Repeat the full listing below verbatim and keep the images out.

___

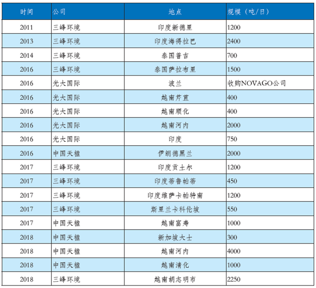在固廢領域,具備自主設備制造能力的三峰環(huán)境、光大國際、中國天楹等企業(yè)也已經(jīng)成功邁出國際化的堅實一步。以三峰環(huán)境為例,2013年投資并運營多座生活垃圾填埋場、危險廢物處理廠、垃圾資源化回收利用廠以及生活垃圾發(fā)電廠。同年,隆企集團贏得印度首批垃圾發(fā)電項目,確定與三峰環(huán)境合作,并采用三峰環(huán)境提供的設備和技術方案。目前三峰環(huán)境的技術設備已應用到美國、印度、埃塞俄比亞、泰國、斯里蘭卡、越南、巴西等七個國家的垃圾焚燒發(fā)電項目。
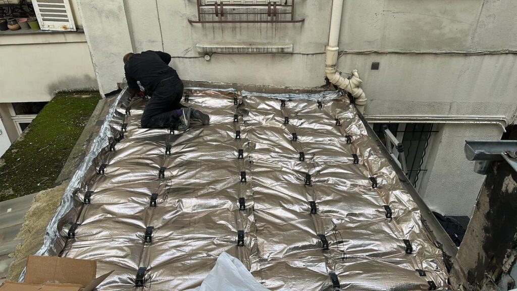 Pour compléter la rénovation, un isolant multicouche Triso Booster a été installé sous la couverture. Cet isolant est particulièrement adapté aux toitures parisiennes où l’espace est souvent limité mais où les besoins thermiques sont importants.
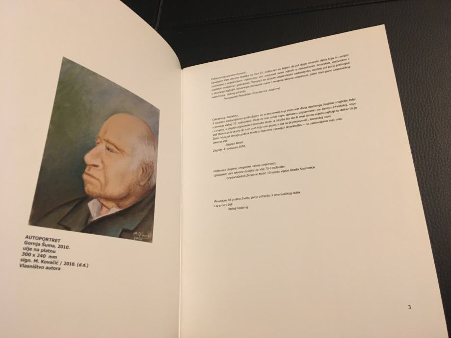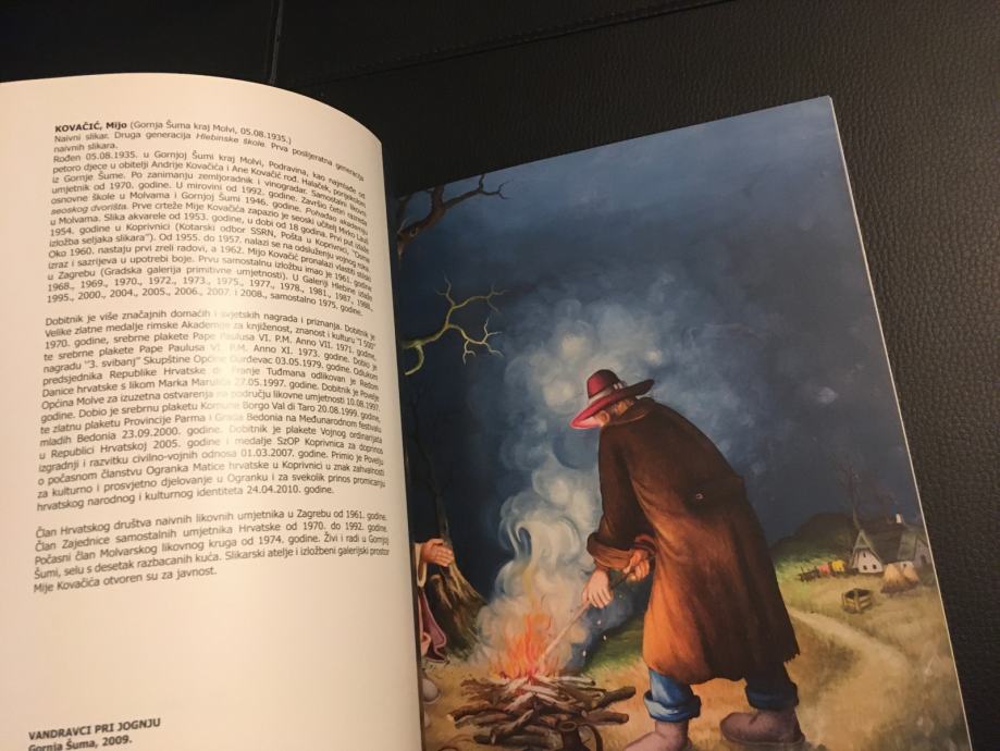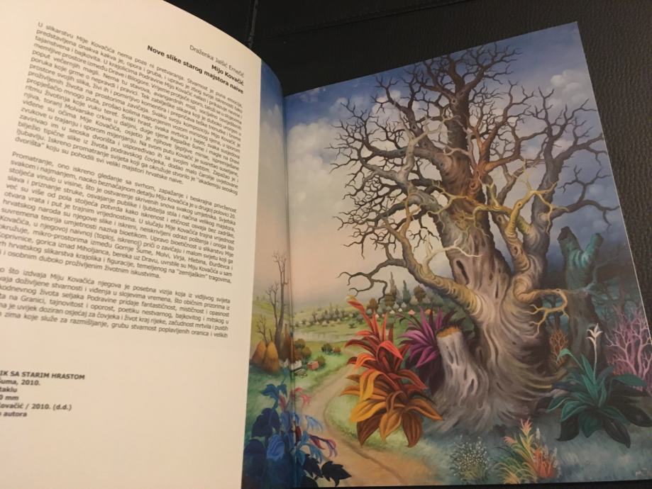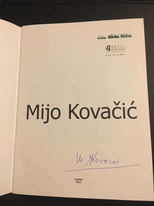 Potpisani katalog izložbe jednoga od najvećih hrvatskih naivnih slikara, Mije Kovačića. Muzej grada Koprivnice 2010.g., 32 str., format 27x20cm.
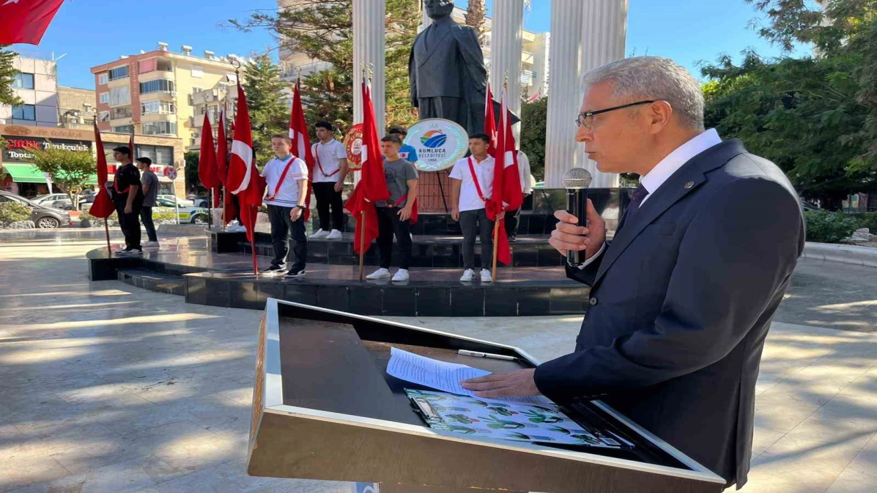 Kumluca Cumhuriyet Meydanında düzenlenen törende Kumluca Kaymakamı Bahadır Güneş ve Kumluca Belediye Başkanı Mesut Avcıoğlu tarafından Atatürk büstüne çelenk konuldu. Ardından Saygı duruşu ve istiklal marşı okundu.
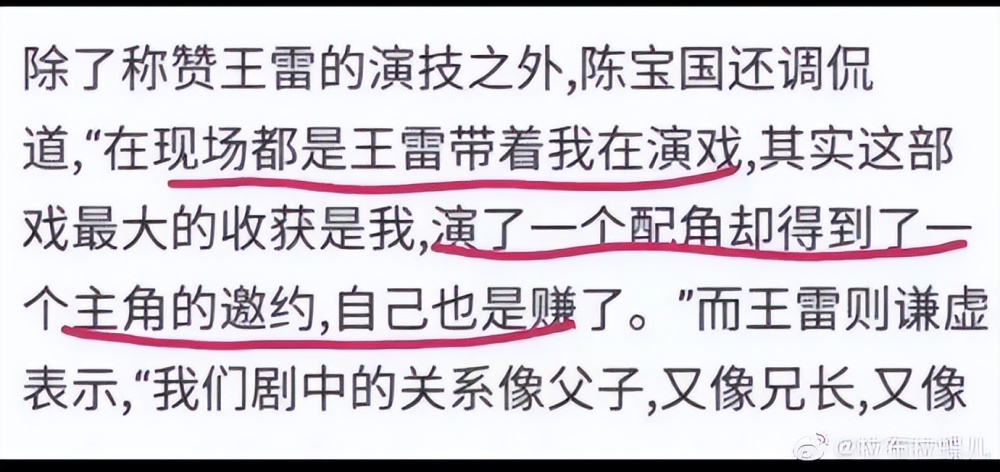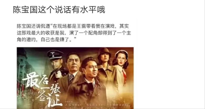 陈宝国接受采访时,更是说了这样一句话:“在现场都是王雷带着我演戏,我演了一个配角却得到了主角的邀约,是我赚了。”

___

▶ **The completed task**
在固廢領域,具備自主設備制造能力的三峰環(huán)境、光大國際、中國天楹等企業(yè)也已經(jīng)成功邁出國際化的堅實一步。以三峰環(huán)境為例,2013年投資并運營多座生活垃圾填埋場、危險廢物處理廠、垃圾資源化回收利用廠以及生活垃圾發(fā)電廠。同年,隆企集團贏得印度首批垃圾發(fā)電項目,確定與三峰環(huán)境合作,并采用三峰環(huán)境提供的設備和技術方案。目前三峰環(huán)境的技術設備已應用到美國、印度、埃塞俄比亞、泰國、斯里蘭卡、越南、巴西等七個國家的垃圾焚燒發(fā)電項目。
 Pour compléter la rénovation, un isolant multicouche Triso Booster a été installé sous la couverture. Cet isolant est particulièrement adapté aux toitures parisiennes où l’espace est souvent limité mais où les besoins thermiques sont importants.
 Potpisani katalog izložbe jednoga od najvećih hrvatskih naivnih slikara, Mije Kovačića. Muzej grada Koprivnice 2010.g., 32 str., format 27x20cm.
 Kumluca Cumhuriyet Meydanında düzenlenen törende Kumluca Kaymakamı Bahadır Güneş ve Kumluca Belediye Başkanı Mesut Avcıoğlu tarafından Atatürk büstüne çelenk konuldu. Ardından Saygı duruşu ve istiklal marşı okundu.
 陈宝国接受采访时,更是说了这样一句话:“在现场都是王雷带着我演戏,我演了一个配角却得到了主角的邀约,是我赚了。”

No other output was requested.